**TASK OBJECTIVE:**
Find the line with "Огнебиозащита (бесцветная) или" in the entries below, then output every line from it down to the line with "Record. | |||||", exactly and with no pictures.

**DATA FOR ANALYSIS:**
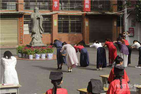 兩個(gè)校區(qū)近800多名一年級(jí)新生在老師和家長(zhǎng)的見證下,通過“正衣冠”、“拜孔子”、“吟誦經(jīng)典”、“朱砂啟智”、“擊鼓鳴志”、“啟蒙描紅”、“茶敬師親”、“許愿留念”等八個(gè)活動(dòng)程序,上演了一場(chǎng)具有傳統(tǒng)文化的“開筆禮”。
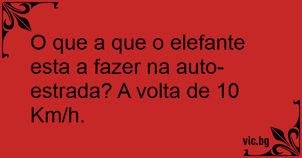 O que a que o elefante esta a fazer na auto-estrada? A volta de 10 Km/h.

--

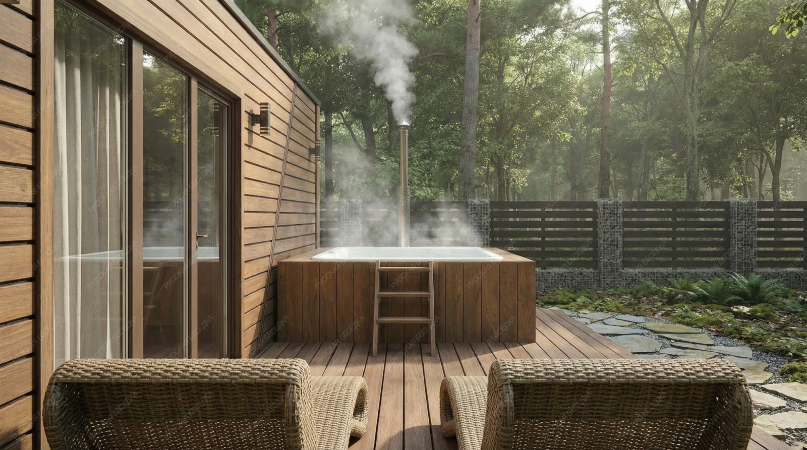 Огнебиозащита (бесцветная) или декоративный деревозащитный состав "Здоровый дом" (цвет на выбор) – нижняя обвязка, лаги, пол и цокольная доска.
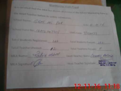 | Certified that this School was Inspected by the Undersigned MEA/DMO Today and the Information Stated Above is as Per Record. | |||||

**RESPONSE AREA:**
 Огнебиозащита (бесцветная) или декоративный деревозащитный состав "Здоровый дом" (цвет на выбор) – нижняя обвязка, лаги, пол и цокольная доска.
 | Certified that this School was Inspected by the Undersigned MEA/DMO Today and the Information Stated Above is as Per Record. | |||||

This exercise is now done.